[Start of section]

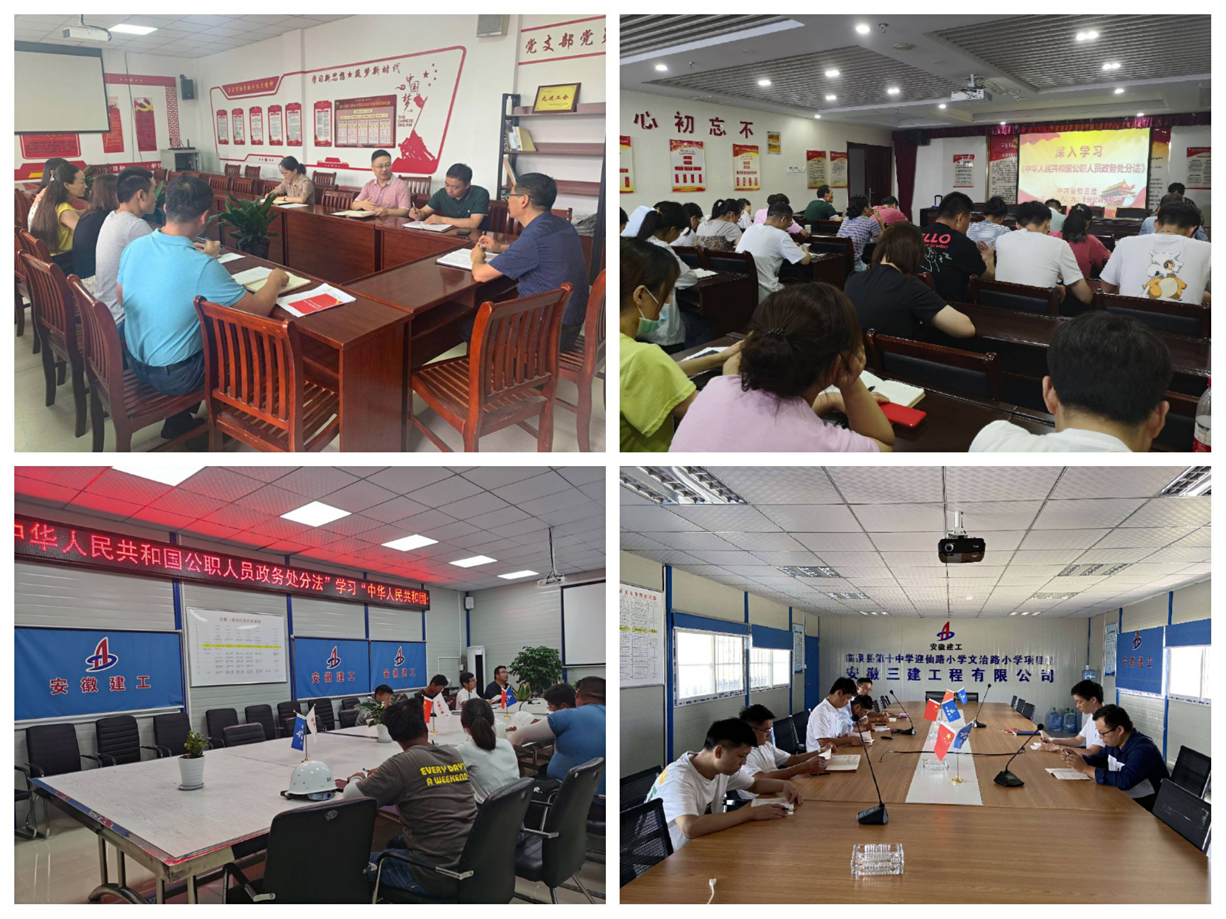 截止目前,共计12个土建公司、16个专业公司、8个外地公司组织职工对《公职人员政务处分法》进行了学习。
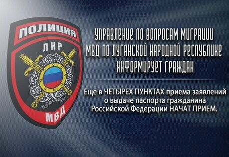 "Сотрудники управления по вопросам миграции МВД по Луганской Народной Республике начали прием заявлений о выдаче паспорта гражданина Российской Федерации еще в четырех пунктах", - говорится в сообщении.
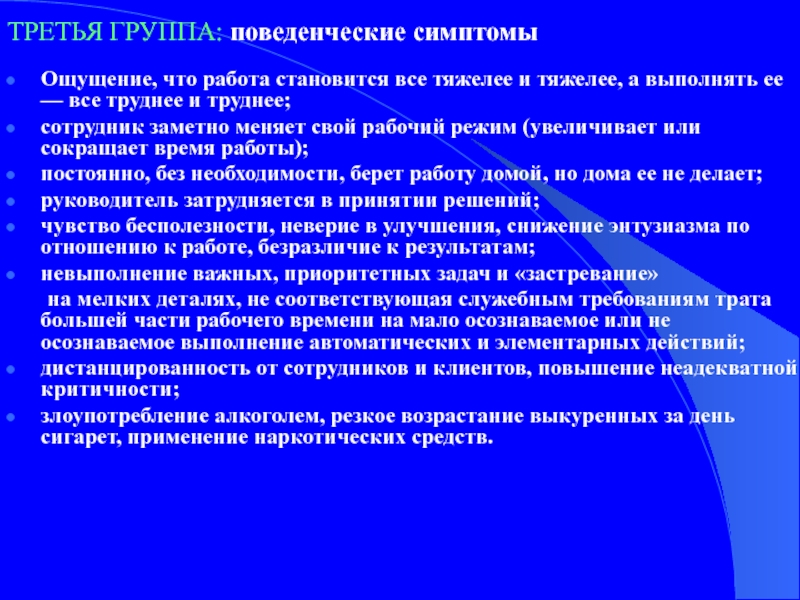 Слайд 14ТРЕТЬЯ ГРУППА: поведенческие симптомы
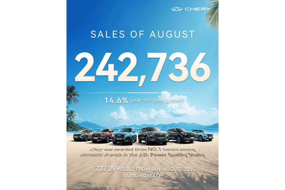 Vânzările brandului Chery au depășit pragul de 1 milion de unități într-un timp record. Grupul a marcat astfel trei realizări importante: cel mai mare exportator auto al Chinei, cea mai rapidă ascensiune în topul Fortune Global 500 și lider în calitatea independentă a industriei auto chineze.
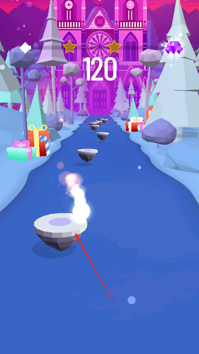 1、游戏开始,看到前方悬浮的平台,滑动屏幕控制小球跳跃,落到平台上,留意上方显示的分数120。
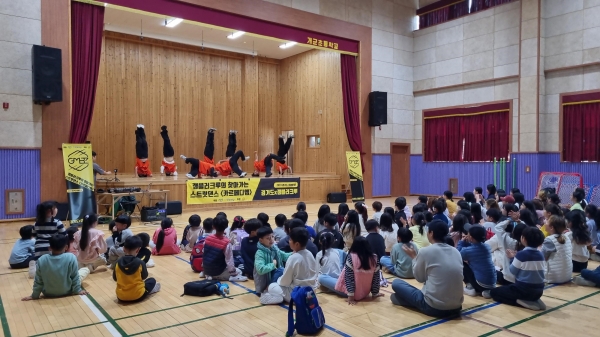 [금요저널] 비보이단 갬블러크루는 지난 18일 일상 속 문화예술 향유 기회를 확대하기 위해 청소년성장지원드림톡 사회적협동조합에서 위탁 운영하는 청소년 휴카페 ‘개울가’와 함께 양평군 개군면에 있는 개군초등학교를 찾아 공연을 펼쳤다.

[End of section]

Write out exactly the lines of the material above, starting with the first and finishing with the line that contains "1、游戏开始,看到前方悬浮的", without pictures.

 截止目前,共计12个土建公司、16个专业公司、8个外地公司组织职工对《公职人员政务处分法》进行了学习。
 "Сотрудники управления по вопросам миграции МВД по Луганской Народной Республике начали прием заявлений о выдаче паспорта гражданина Российской Федерации еще в четырех пунктах", - говорится в сообщении.
 Слайд 14ТРЕТЬЯ ГРУППА: поведенческие симптомы
 Vânzările brandului Chery au depășit pragul de 1 milion de unități într-un timp record. Grupul a marcat astfel trei realizări importante: cel mai mare exportator auto al Chinei, cea mai rapidă ascensiune în topul Fortune Global 500 și lider în calitatea independentă a industriei auto chineze.
 1、游戏开始,看到前方悬浮的平台,滑动屏幕控制小球跳跃,落到平台上,留意上方显示的分数120。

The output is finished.